I should have heeded the warning. The Great Wall does, indeed, have quite and impressive spread. Row after row of steaming treats: General Tso chicken (of course), grilled salmon, bacon-wrapped crab, BBQ spareribs, black pepper chicken (my favorite), sweet and sour pork, spicy steak, fresh fruit, sushi, and that traditional Chinese dessert, tapioca pudding.

I didn’t eat 15,000 calories, but I certainly had more than 1500.

It felt great to spend time alone with these friends. I mostly see them in group situations now, and I miss the time we used to spend together, the four of us. Those were some of the happiest days of my life. For two years, Kris and I had been quite close to with them. Over dinner, we talked about our house and their house. We talked about pets. We talked about vacation plans. But we also talked about stuff closer to my heart.

We discussed how cultivating friendships is a lot like dating, but even more complicated in the case of couples. For one thing, all four people must get along well in order for the group to have a chance. In order for the group to thrive, every person must really like every other person. If the group can have fun together, can talk and laugh and play, then the friendship has a chance at real growth. We talked about how the addition of children adds another dynamic to the group, often makes a couple more inwardly focused. Our former intense friendship was never explicitly mentioned, but it felt like an implicit subtext to me, adding depth to the discussion.

It was a good meal. I’m glad we were able to get together.

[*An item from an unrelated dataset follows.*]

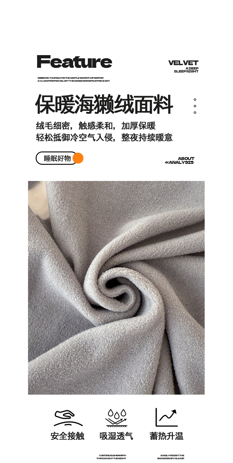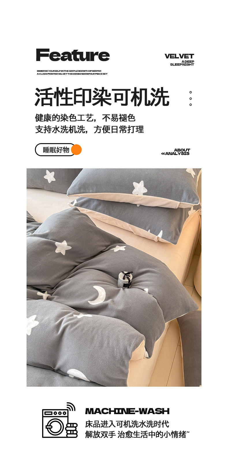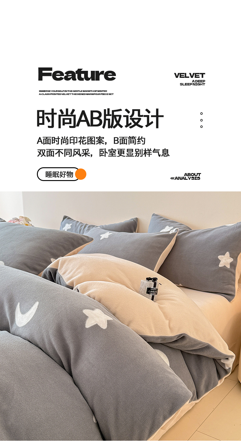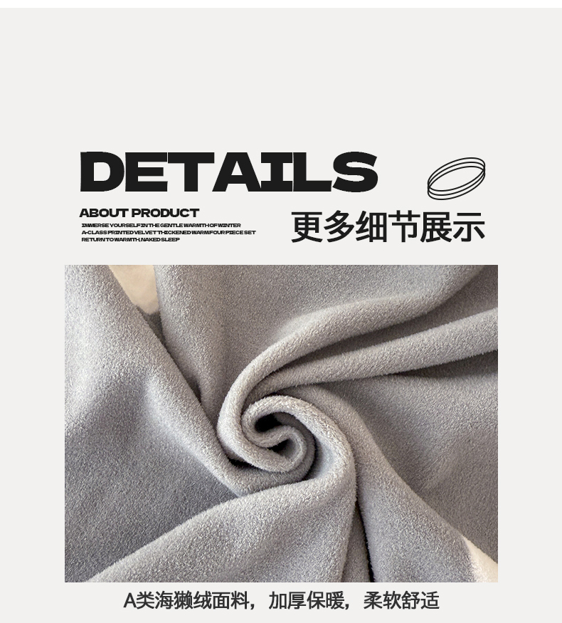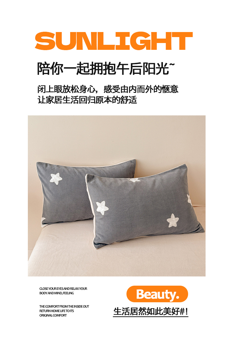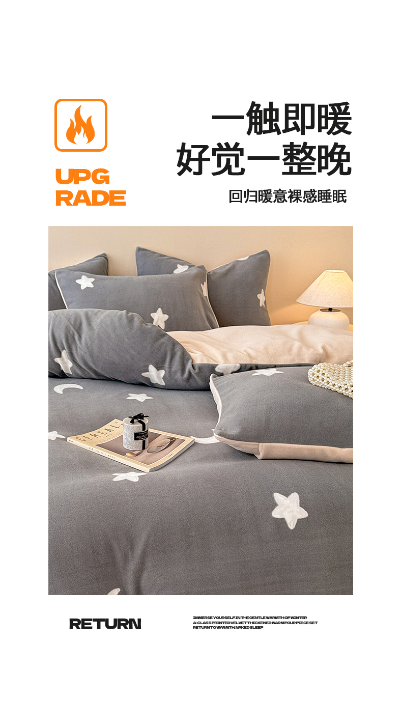 商品名称:懒猫家纺 2025新款印花海獭绒加厚保暖四件套 星星月亮-灰

“…every man has a map in his heart of his own country and … the heart will never allow [him] to forget this map.” — Alexander McCall Smith, The No. 1 Ladies’ Detective Agency

After dinner, I returned to Willamette. I walked around a little, revisiting old familiar places on campus: the library, the botanical garden, the quad. As I entered the University Center, I stopped to inahled the old, familiar smell, and was swept away by a flood of nostalgia: a hundred different memories washed over me at once. Inside was worse. I felt like I was drowning in a sea of remembered faces, names, events.

Upstairs, in the Cat Cavern, I found a table against the back wall and waited for Kris to finish talking with students. I took out a piece of paper and began to write. But then I was no longer drowning in memories; I was living them.

In the back of the room, pen and paper in hand, writing, I might have been composing a paper for class. No — I am composing a paper for class. In a few minutes I will make my way to Eaton Hall for a study session with Heather James. I will spend an hour reviewing for the Psych final. Heather will just not get it, so I will play the role of the professor. She will sit three rows back. I will stand at the front of the lecture hall and scrawl psych terms and concepts on the board. She will be caught up in remembering every little detail about Maslow’s Heirarchy of Needs, and I will not be able to convince her that what is important is the Big Picture, understanding what it means. When we have finished, I will walk to Doney, or to York, where Andrew and Dane and I will spend two hours bickering about comic books and science fiction. And then, when I’ve had my fill of friends, I will find Kris and we will spend the night together, secreted in her room.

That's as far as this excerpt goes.